What to work on = Would you print every entry below exactly as written, omitting the images?

Data listing =
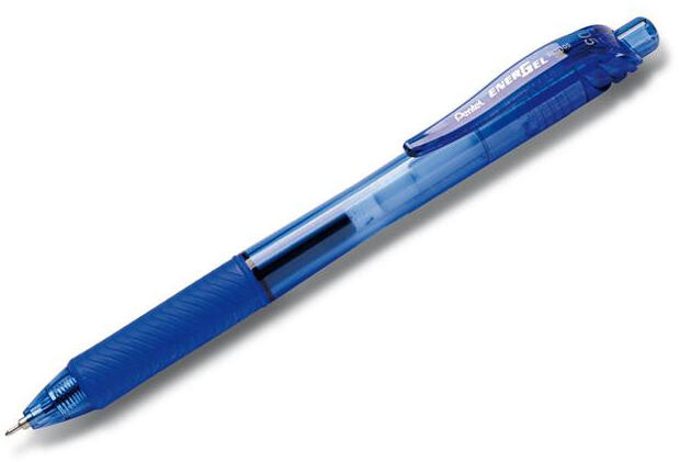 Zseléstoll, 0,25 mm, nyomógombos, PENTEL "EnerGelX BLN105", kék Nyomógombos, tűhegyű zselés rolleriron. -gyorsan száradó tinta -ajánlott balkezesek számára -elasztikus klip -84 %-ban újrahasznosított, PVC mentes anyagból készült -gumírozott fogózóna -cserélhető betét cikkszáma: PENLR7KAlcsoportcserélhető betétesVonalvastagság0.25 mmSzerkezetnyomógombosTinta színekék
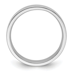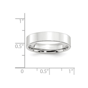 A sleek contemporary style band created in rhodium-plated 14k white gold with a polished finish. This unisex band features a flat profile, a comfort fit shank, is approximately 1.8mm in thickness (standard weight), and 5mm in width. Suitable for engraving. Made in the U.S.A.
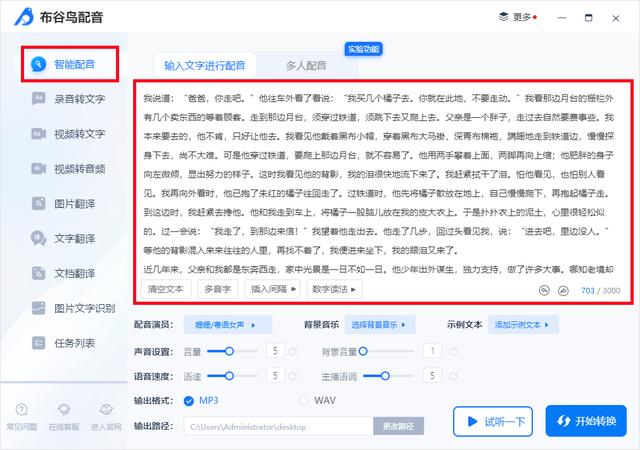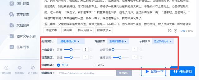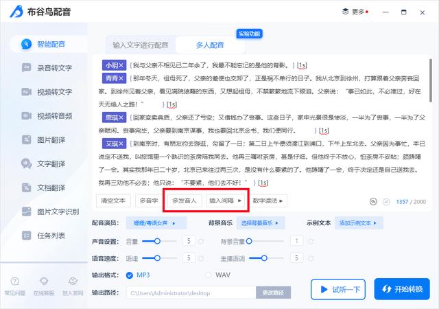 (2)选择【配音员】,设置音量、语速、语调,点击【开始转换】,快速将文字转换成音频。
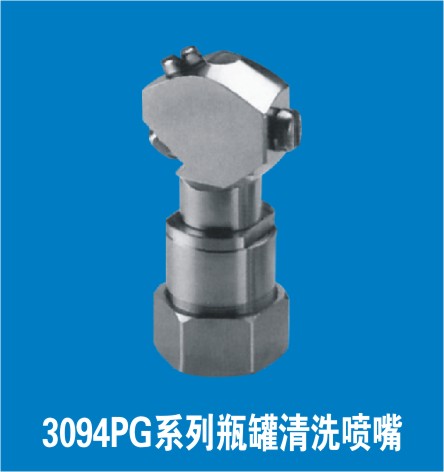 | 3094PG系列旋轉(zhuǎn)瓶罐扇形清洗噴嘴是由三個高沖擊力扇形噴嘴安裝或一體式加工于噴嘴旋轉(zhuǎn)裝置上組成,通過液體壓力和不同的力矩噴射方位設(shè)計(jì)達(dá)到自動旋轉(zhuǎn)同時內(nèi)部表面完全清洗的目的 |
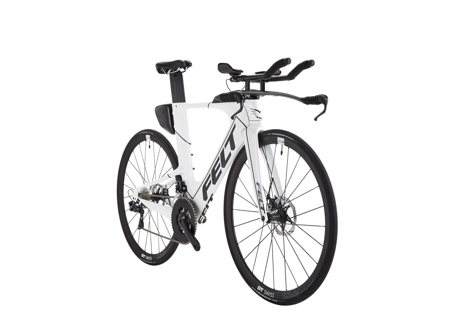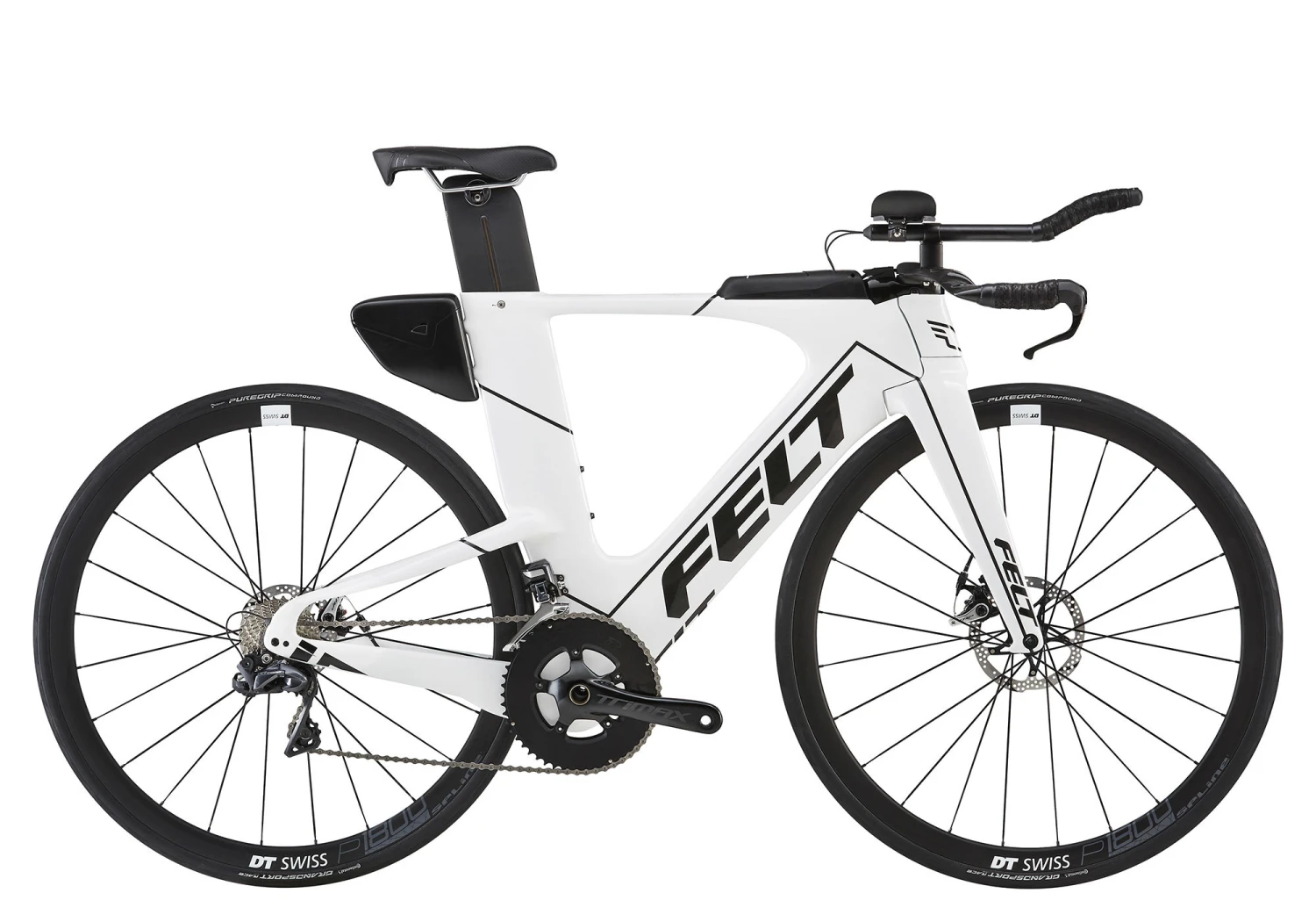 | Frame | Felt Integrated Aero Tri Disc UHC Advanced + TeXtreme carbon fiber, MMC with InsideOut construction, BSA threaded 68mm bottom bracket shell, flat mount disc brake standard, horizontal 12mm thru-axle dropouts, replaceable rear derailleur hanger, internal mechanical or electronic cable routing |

Solution to the exercise =
 Zseléstoll, 0,25 mm, nyomógombos, PENTEL "EnerGelX BLN105", kék Nyomógombos, tűhegyű zselés rolleriron. -gyorsan száradó tinta -ajánlott balkezesek számára -elasztikus klip -84 %-ban újrahasznosított, PVC mentes anyagból készült -gumírozott fogózóna -cserélhető betét cikkszáma: PENLR7KAlcsoportcserélhető betétesVonalvastagság0.25 mmSzerkezetnyomógombosTinta színekék
 A sleek contemporary style band created in rhodium-plated 14k white gold with a polished finish. This unisex band features a flat profile, a comfort fit shank, is approximately 1.8mm in thickness (standard weight), and 5mm in width. Suitable for engraving. Made in the U.S.A.
 (2)选择【配音员】,设置音量、语速、语调,点击【开始转换】,快速将文字转换成音频。
 | 3094PG系列旋轉(zhuǎn)瓶罐扇形清洗噴嘴是由三個高沖擊力扇形噴嘴安裝或一體式加工于噴嘴旋轉(zhuǎn)裝置上組成,通過液體壓力和不同的力矩噴射方位設(shè)計(jì)達(dá)到自動旋轉(zhuǎn)同時內(nèi)部表面完全清洗的目的 |
 | Frame | Felt Integrated Aero Tri Disc UHC Advanced + TeXtreme carbon fiber, MMC with InsideOut construction, BSA threaded 68mm bottom bracket shell, flat mount disc brake standard, horizontal 12mm thru-axle dropouts, replaceable rear derailleur hanger, internal mechanical or electronic cable routing |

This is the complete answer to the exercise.